I have a serious question. I'm not trying to start a flamewar or to incite any violence--but here goes.
Is it ever ethical to ignore the presence of a robots.txt file on a website? These are some of the considerations I've got in mind:
1.) If someone puts a web site up they're expecting some visits. Granted, web crawlers are using bandwidth without clicking on ads that may support the site but the site owner is putting their site on the web, right, so how reasonable is it for them to expect that they'll never get visited by a bot?
2.) Some sites apparently use a robots.txt exactly in order to keep their site from being crawled by Google or some other utility that might grab prices and therefore allow people to do price comparisons easily. They have private search engines on the site so they obviously want people to be able to search the site; apparently they just don't want people to be able to easily compare their information with other vendors.
As I said, I'm not trying to be argumentative and I'm not trying to start a big argument; I would just like to know if anyone has ever come up with a case where it's ethically permissible to ignore the presence of a robots.txt file?

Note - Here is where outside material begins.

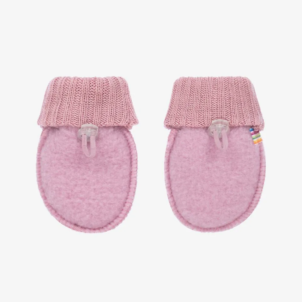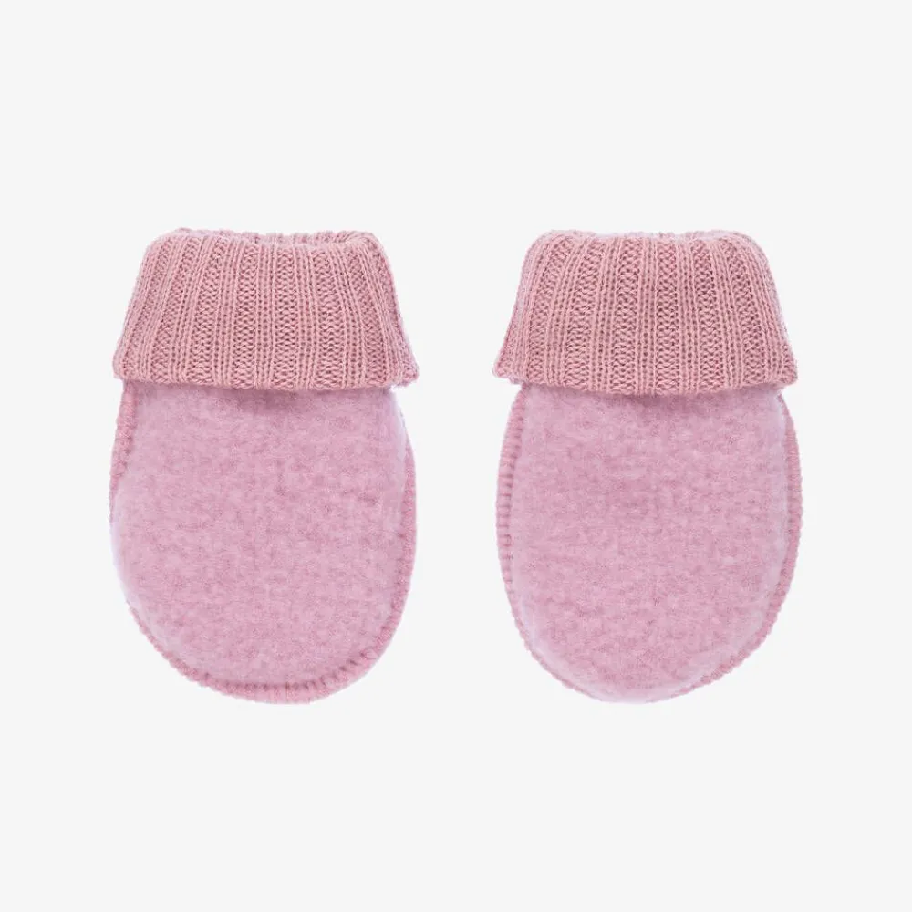 Lovely dark pink mittens for baby girls by Joha, made from super soft felted Merino wool. Warm and cosy, they have knitted trims, a striped logo tab, and a toggle fastening for a good fit.

I cannot think of a case where it's permissible to ignore the robots.txt mainly because people (or businesses) are paying money to put up their web sites so they should be able to tell the Googles/Yahoos/Other SE's of the world that they don't want to be on their indices.
To put this discussion in context, I'd like to create a price comparison website and one of the major vendors has a robots.txt that basically prevents anyone from grabbing their prices. I'd like to be able to get their information but, as I said, I can't justify simply ignoring the wishes of the site owner.

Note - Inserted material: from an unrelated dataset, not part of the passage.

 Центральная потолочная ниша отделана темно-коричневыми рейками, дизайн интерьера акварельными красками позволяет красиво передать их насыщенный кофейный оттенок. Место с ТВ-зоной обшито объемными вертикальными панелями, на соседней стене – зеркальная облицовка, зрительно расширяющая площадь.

I am making this a community wiki question exactly because I believe it might generate some spirited debate. Or maybe not.
I suspect this discussion may belong elsewhere and if it does, just let me know. I have seen some very sharp discussion here and that's why I would like to hear the opinions of developers that follow Stack Overflow.
By the way, there is some discussion of this topic on a Hacker News question but they seem to mainly focus on the legal aspects of this.